There are some, but they are misty and delusional in ways similar to
Proudhon's, but then I'm hopelessly under the spell of Marx's polemics
against Proudhonism and credit gratuit schemes. The problems are that 1)
you can't have local money and a planetary division of labor, but you
probably couldn't have, say, fiber optics without a planetary division of
labor, and 2) as Negri said, money has one face, that of the boss.

>furthermore, they seem wedded or perfused with the quite old and dated
>concept that large numbers of workers are involved in production these
>days.  this is simply not true.

18 million in manufacturing in the U.S., which isn't insignificant, though
of course the share employed in the primary and secondary sectors are
smallish and declining in the First World. (Though something like half the
global pop is still rural, and heavily peasant.) But the processing,
distribution, and fetishization take people, lots of them.

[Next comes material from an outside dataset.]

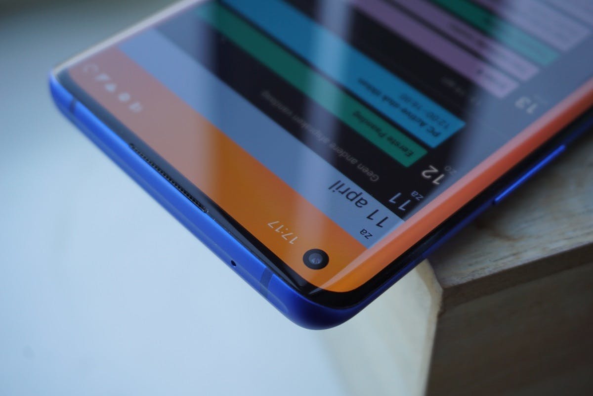 Te beginnen met de buitenkant. De OnePlus 8 Pro is gemaakt van glas en te koop in drie kleuren; zwart, groen en blauw. Die laatste twee kleuren vallen op ten opzichte van de concurrentie, en ik vind mijn blauwe testmodel er erg fraai uitzien. Het toestel ligt door zijn gebolde achterkant en afgeronde hoeken prettig in de hand; naar mijn mening prettiger dan de iPhone 11 Pro. De voorkant van de 8 Pro bestaat bijna helemaal uit scherm, met smalle randen boven en onder het display. In de linkerbovenhoek van het scherm zit een klein gaatje voor de selfiecamera, een ontwerpwijziging ten opzichte van de 7(T) Pro van vorig jaar. Die gebruikt een uitschuifbare selfiecamera om een randloos scherm mogelijk te maken. De cameramodule op de achterkant van de 8 Pro steekt iets uit de behuizing, waardoor de telefoon niet helemaal plat op tafel ligt. Een hoesje verhelpt dit.

>this fine word, "nonergodicity", finally gives a proper and respectable
>handle to hold onto the insight that economics is not a "science", no
>matter how dismal, but rather a religion or a meme---i.e., a thought
>construct or shared cultural agreement about how we are going to play this
>particular game, and what the rules shall be.

Donald Barthelme told the story of taking his IRS auditor to lunch. He told
her how the tax code, money even - these were all systems of discourse. And
she said, "Yes but my discourse has subpoena power."